▶ **Data excerpt**:
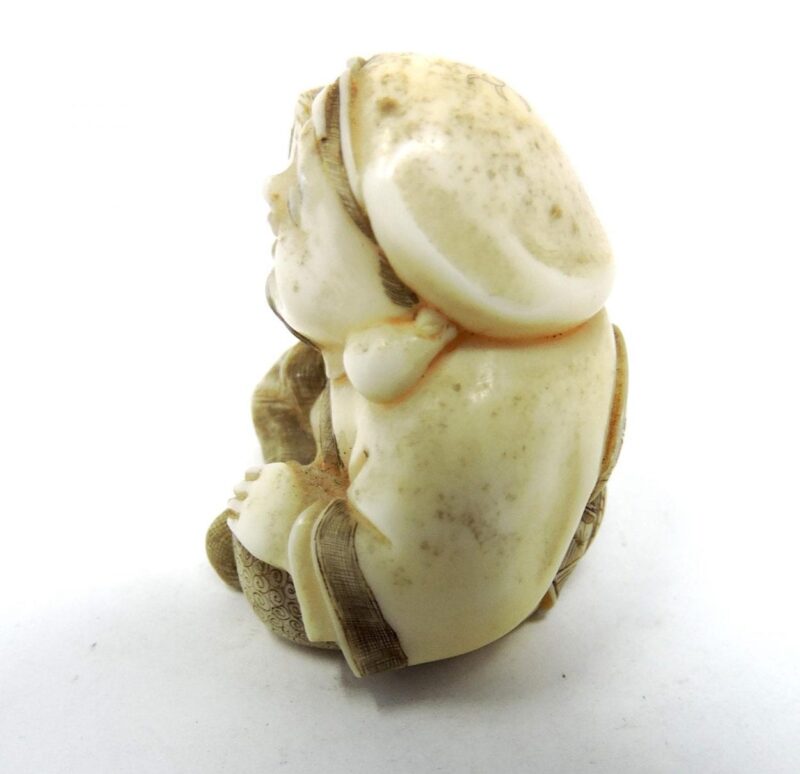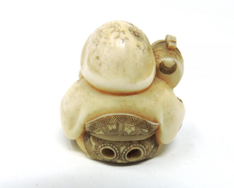 The netsuke is 1 1/4 inches tall x 1 1/2 inches wide and is in excellent condition.
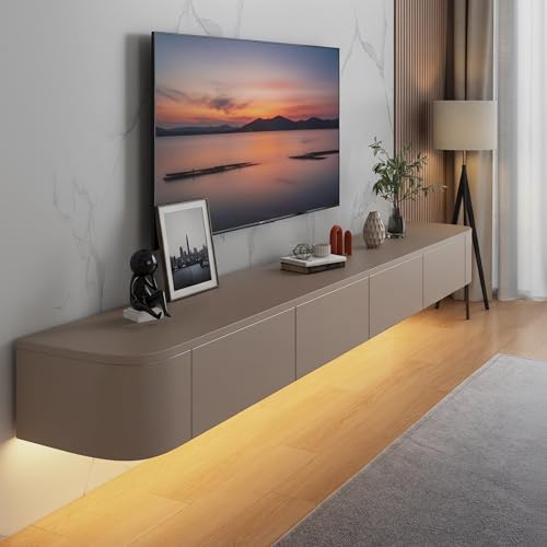 YINXSLO Floating TV Unit with Drawer – Pre-Assembled Wooden Wall Mounted TV Cabinet, Modern Floating Media Console for Living Room, Space-Saving TV Storage Unit (Khaki(With Light),300cm/118.1in)
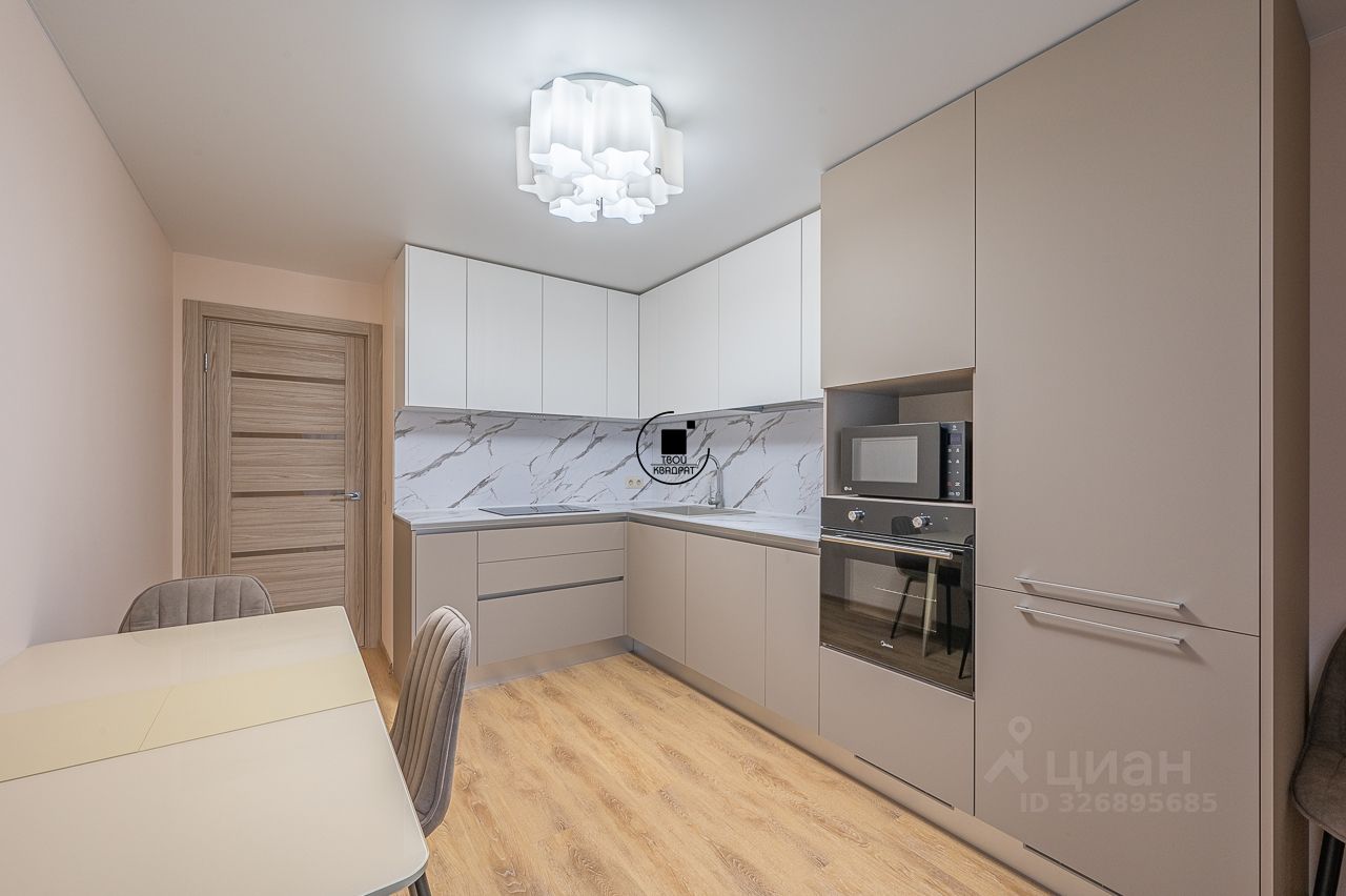 Есть все необходимое для комфортного проживания: кухонный гарнитур, варочная панель, духовой шкаф, посудомоечная машина, холодильник, микроволновка, вытяжка, электрический чайник, стиральная машина, кровать, диван, кондиционер.
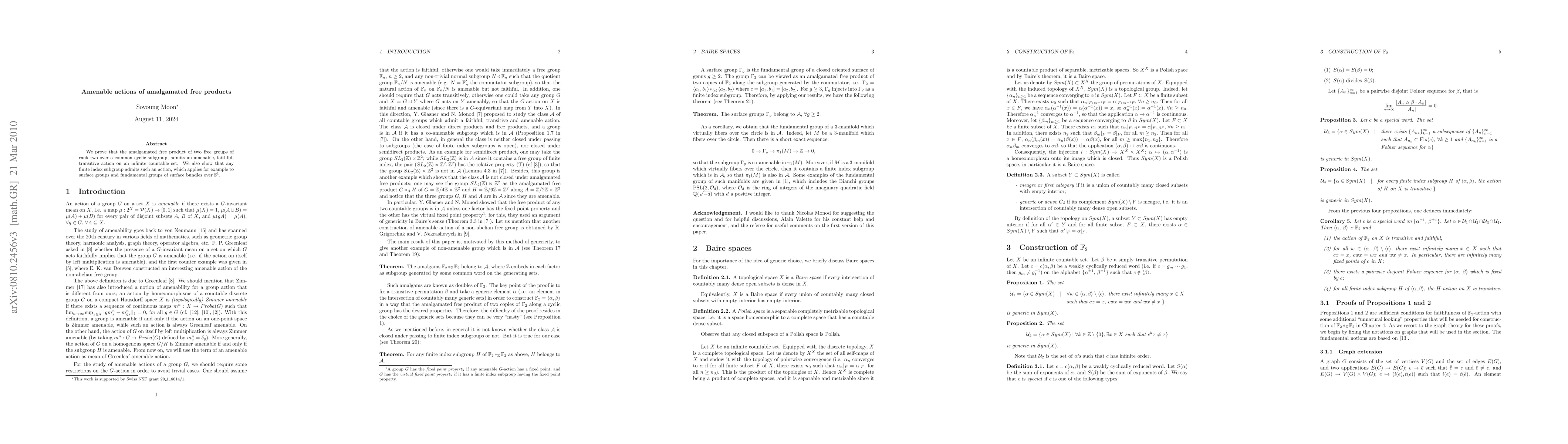We prove that the amalgamated free product of two free groups of rank two over a common cyclic subgroup, admits an amenable, faithful, transitive action on an infinite countable set. We also show that any finite index subgroup admits such an action, which applies for example to surface groups and fundamental groups of surface bundles over $\mathbb{S}^1$.

▶ **Required work**: Only the pictures are to be left out, and all of the data must otherwise be transcribed exactly.

▶ **Reply**:
 The netsuke is 1 1/4 inches tall x 1 1/2 inches wide and is in excellent condition.
 YINXSLO Floating TV Unit with Drawer – Pre-Assembled Wooden Wall Mounted TV Cabinet, Modern Floating Media Console for Living Room, Space-Saving TV Storage Unit (Khaki(With Light),300cm/118.1in)
 Есть все необходимое для комфортного проживания: кухонный гарнитур, варочная панель, духовой шкаф, посудомоечная машина, холодильник, микроволновка, вытяжка, электрический чайник, стиральная машина, кровать, диван, кондиционер.
We prove that the amalgamated free product of two free groups of rank two over a common cyclic subgroup, admits an amenable, faithful, transitive action on an infinite countable set. We also show that any finite index subgroup admits such an action, which applies for example to surface groups and fundamental groups of surface bundles over $\mathbb{S}^1$.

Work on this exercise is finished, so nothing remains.